Our method performs source separation and localization for human speakers as described in our paper. This code allows you to run and evaluate our method on synthetically rendered data. If you have a multi-microphone array, you can also obtain real results like the ones in our demo video. Our pre-trained models work with the 4 mic [Seed ReSpeaker MicArray v 2.0](https://wiki.seeedstudio.com/ReSpeaker_Mic_Array_v2.0/) or a synthetic 6 microphone array of radius 7.25cm.

### Requirements
librosa
torch
soundfile
scipy
pyroomacoustics
matplotlib

cd into the directory and run
```export PYTHONPATH=$PYTHONPATH:`pwd` ```

### Rendering the Data

The default mic setup is for the ReSpeaker 4 mic array mentioned above. For numerical experiments, we used a slighly different synthetic setup as mentioned previously.
```python cos/generate_dataset.py /path/to/VCTK/data ./output/somename --input_background_path any_bg_sounds.wav --n_voices 2  --n_outputs 1000 --mic_radius {radius} --n_mics {M}```

### Training on Synthetic Data
Below is an example command to train on the rendered data.
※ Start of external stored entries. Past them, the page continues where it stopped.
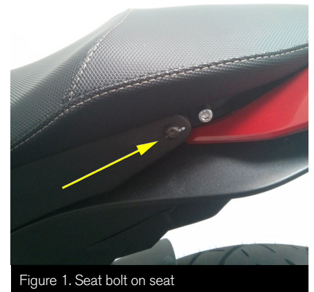
Figure 1. Seat bolt on seat

On MY15 and later motorcycles remove the seat bolts using a T45 Torx wrench and retain for re-use. You won't need the extra M8x50 screws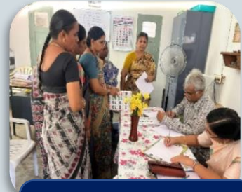
ACADEMIC & ADMINISTRATIVE AUDIT-04.05.24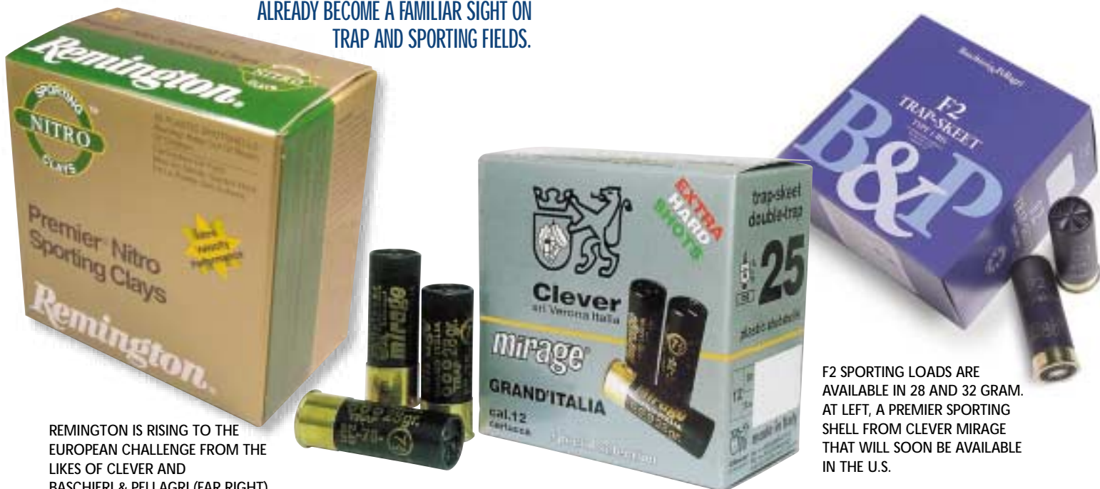
REMINGTON IS RISING TO THE EUROPEAN CHALLENGE FROM THE LIKES OF CLEVER AND BASCHIERI & PELLAGRI (FAR RIGHT)

Strong rivals for patronage are CLEVER MIRAGE , and we learn at press time that they plan to introduce, through Shotgun Shells USA Inc, a range of sporting shells to the US in the near future – including Grand Italia and T2 Competition. From a compact factory on the outskirts of the historic city of Verona, Clever send cartridges all across the globe, with distributors in over 80 countries. We'll keep you posted on news as it develops.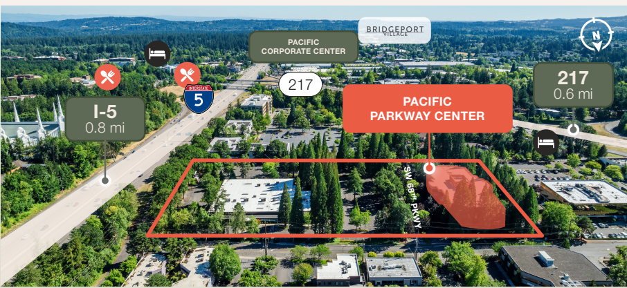
© 2024 PacTrust. All information supplied herein, including but not limited to measurements, dimensions, and specifications, is deemed reliable but is not guaranteed and should be independently verified. Any reliance on the information contained herein is at the user's own risk.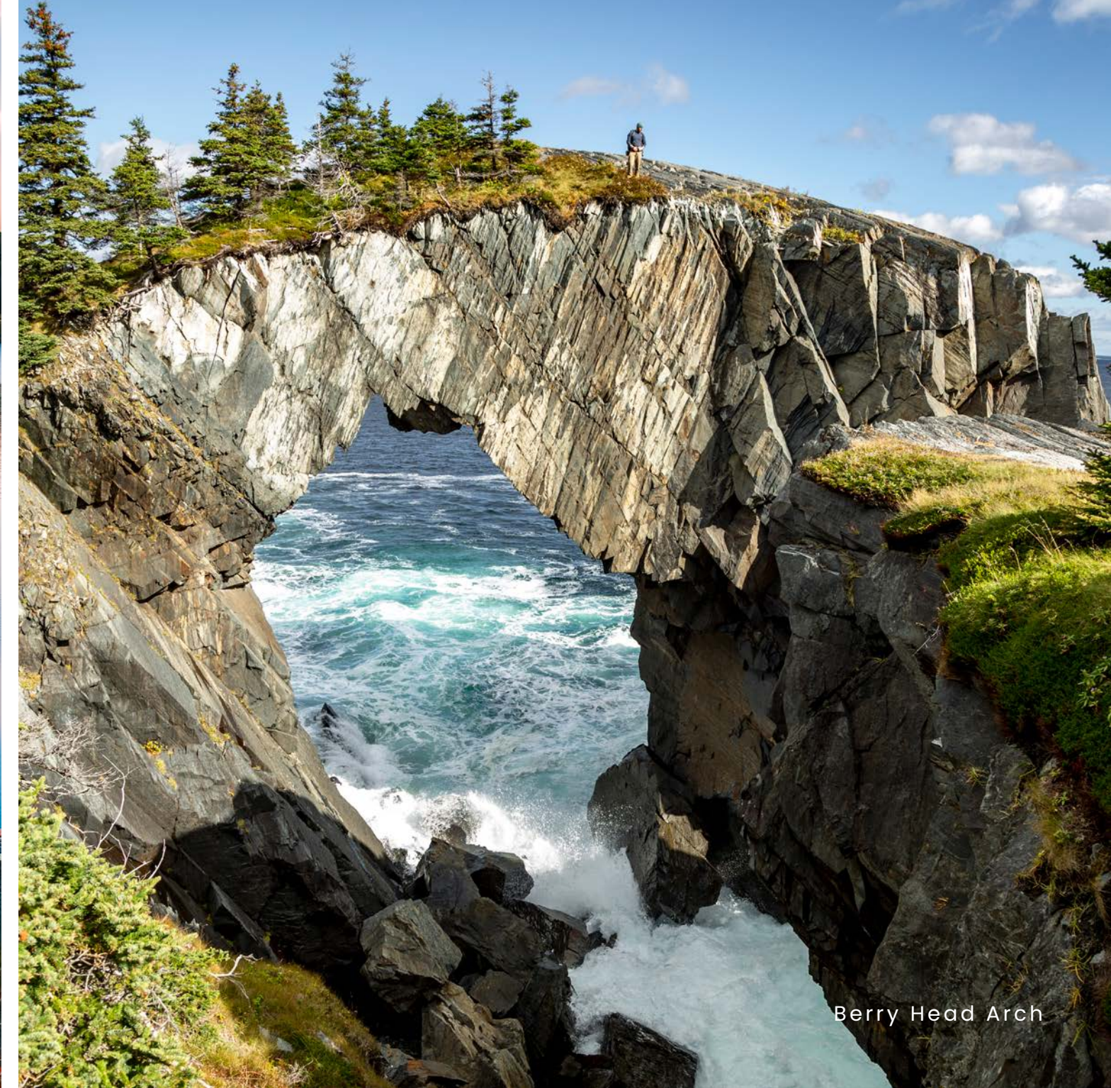
Berry Head Arch

You need to replace the training and testing dirs with the path to the generated datasets from above.
```python cos/training/train.py ./generated/train_dir ./generated/test_dir --name experiment_name --checkpoints_dir ./checkpoints --pretrain_path ./path/to/pretrained.pt --batch_size 8 --mic_radius .03231  --n_mics 4 --use_cuda```

### Running on Real Data
When you capture the data, it must be a m channel recording from a microphone with the same configuration as used during training. If you want to support moving sources, change the DURATION variable to run on smaller time inputs.
```python cos/inference/separation_by_localization.py /path/to/model.pt /path/to/input_file.wav outputs/some_dirname/ --n_channels 4 --sr 44100 --mic_radius .03231 --use_cuda```

### Evaluation
For the synthetic data and evaluation, we use a setup of 6 mics in a circle of radius 7.25cm. The following is instructions to obtain results on mixtures of N voices and no backgrounds. First generate a synthetic datset with the microphone setup specified previous with ```--n_voices 8``` from the test set of VCTK. Then run the following script:  

```python cos/inference/evaluate_synthetic.py /path/to/rendered_data/ /path/to/model.pt --n_channels 6 --mic_radius .0725 --sr 22050 --use_cuda --n_workers 1 --n_voices {N}```

Add ```--compute_sdr``` separately to get the SDR.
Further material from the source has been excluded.